Thank you for your article on album art of Singapore 1960s bands; I love your take on how the Libra album art is a charcoal sketch and how the watercolour painting album art in image 5 is uncommon as typical albums are more vibrantly coloured, especially when mid-1960s art and music is informed by psychedelia genre!

As an local history undergraduate who is currently researching on this topic, may if I know if I could contact you further and privately to learn more about this subject?

Thank you and I look forward to your reply!


ANDY: Pop Music Not Pills. © said...

Hi Brenda,
Thanks for the visit and cheerful comment; they are encouraging but I am not an artist. My ideas about the cover pieces stem from the heart and I didn't learn them from anywhere.

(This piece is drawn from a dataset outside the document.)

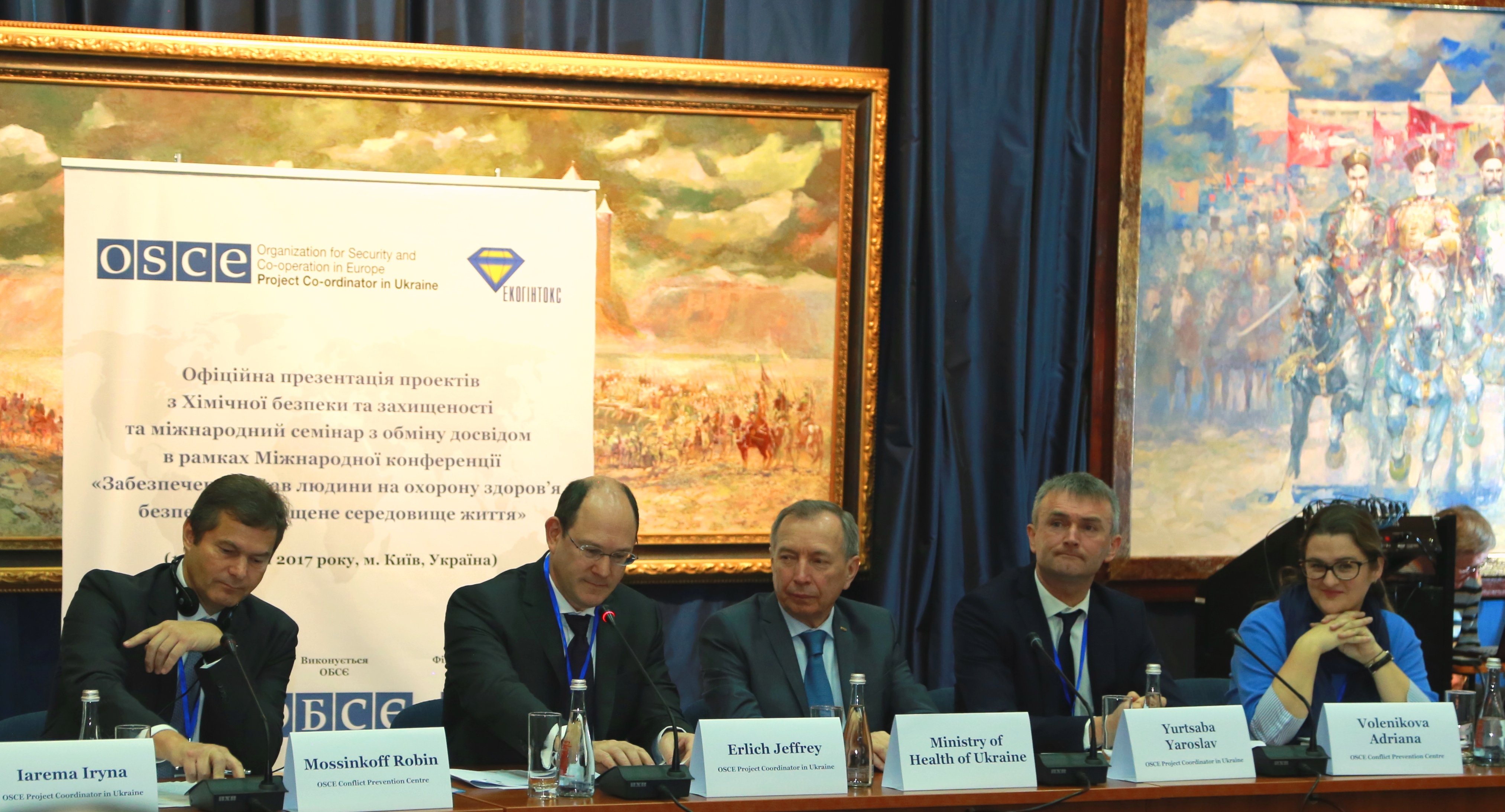 Robin Mossinkoff(l), Head of the FCS Support Unit, OSCE CPC, Jeffrey Erlich, Senior Project Officer, OSCE PCU, Mykola Prodanchuk, Director of ECOHYNTOX, Ministry of Health of Ukraine, Yaroslav Yurtsaba, National Programme Manager OSCE PCU and Adriana Volenikova Associate Project Officer OSCE CPC participating in the Chemical Safety and Security Projects Kick-off Meeting and Experience Sharing Workshop, Kyiv, 11 December 2017.

If you write again, leave your email address in your note, I shall not publish it but will reply privately. We can discuss the matter afterwards and will try my best to help.


BRENDA said...

Dear Andy,

Thank you for your response! I understand your article reflects your own analysis on album art, and its ending call to the artists involved (such as Mr Freddy Ang from EMI studio recordings) in creating album art is really exciting to read...

As I am in the process of scoping and documenting what is available, I am interested to find out about your take on the social context...

Thank you very much for your help and willingness to discuss this matter; I am looking forward to your reply!


ANDY: Pop Music Not Pills. © said...

Hi Brenda,

I have replied to your above mail (edited) and will try to help in whatever way I can.

BRENDA said...

I would love to meet and interview you to learn more and recover the music scene in Singapore during the 1960's. I understand that album sleeves are a niche topic, nevertheless, the historical context you are familiar with is very helpful to me to remap how the production of local music and the socio-cultural atmosphere of that time.

Thank you for being willing to take a look at my questions, please take your time I understand that you are busy with your personal engagements!